Can averages be calculated one value at a time? I'm writing some code which calculates some averages. Obviously, the traditional way to calculate any average is to add up all the values, and then divide by the number of values. 
However, in the mechanism I'm working on, I find it much easier to add and calculate the averages one at a time, as in add a new value to the averaged total, and then divide by two each time (since each time there are two numbers being added). But I'm not sure how accurate it would be. 
Can I calculate averages this way? Or is it not reliable?

NOTE: I began writing this question originally, and while coming up with an example, found my answer. So I added an answer with my question at the same time.
 A: (I'm answering my question Q/A style)
Imagine this set of numbers:
1, 2, 3, 4, 5

The traditional method is:
((1 + 2 + 3 + 4 + 5) / 5) = 3

What you are proposing is:
((1 + 2) / 2) = 1.5
((1.5 + 3) / 2) = 2.25
((2.25 + 4) / 2) = 3.125
((3.125 + 5) / 2) = 4.0625

So no, this proposed method of calculating an average does not work.
3 <> 4.0625

Not to mention, even if it did work, it would be much slower anyway.
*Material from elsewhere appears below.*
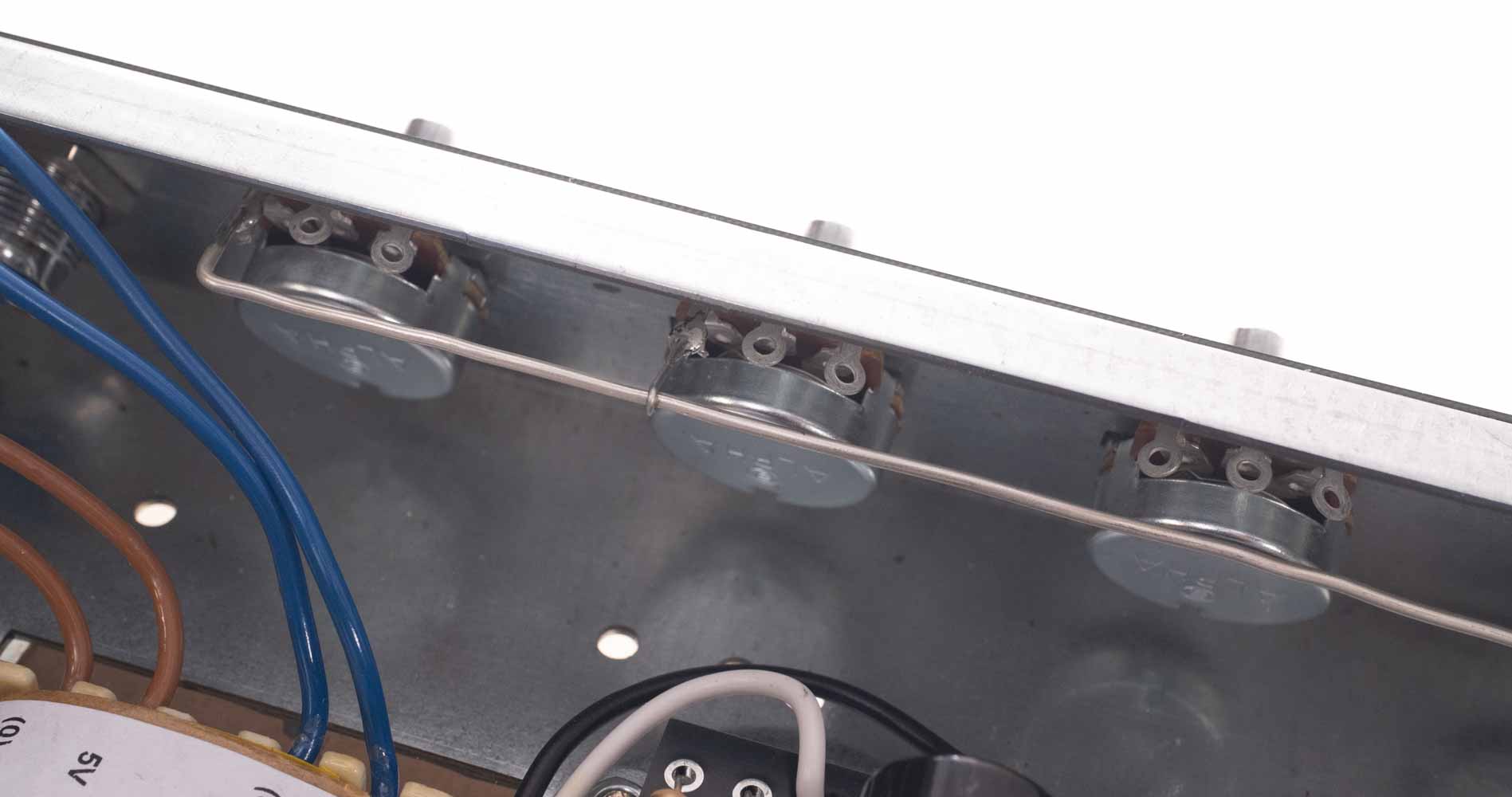 To simplify soldering, a dedicated grounding wire runs behind the front panel potentiometers. This wire should be installed approximately one centimeter away from the potentiometer solder lugs. One end of the wire is soldered to the ground lug of the FET input jack.

What you could do instead is to continue adding the values together, and elsewhere keep track of the number of values. Each time you add a value, also increment the number of values added. Then, at any given point, you are able to calculate the average...
(1 + 2) = 3       C = 2     (3 / 2) = 1.5
(3 + 3) = 6       C = 3     (6 / 3) = 2
(6 + 4) = 10      C = 4     (10 / 4) = 2.5
(10 + 5) = 15     C = 5     (15 / 5) = 3


In any case, the moral of the story is that you still need to add all the values together, and then divide by the number of values. You can keep a sum of all values, but you also need to keep a count of the values which have been added to that sum.
A: Here is a reference
of a quite accurate algorithm
for getting the average
of a series of
floating point numbers:
https://en.wikipedia.org/wiki/Kahan_summation_algorithm
If you also want to
compute the variance,
look here:
https://en.wikipedia.org/wiki/Algorithms_for_calculating_variance
A good reference is this:
https://people.eecs.berkeley.edu/~wkahan/Math128/MeanVar.pdf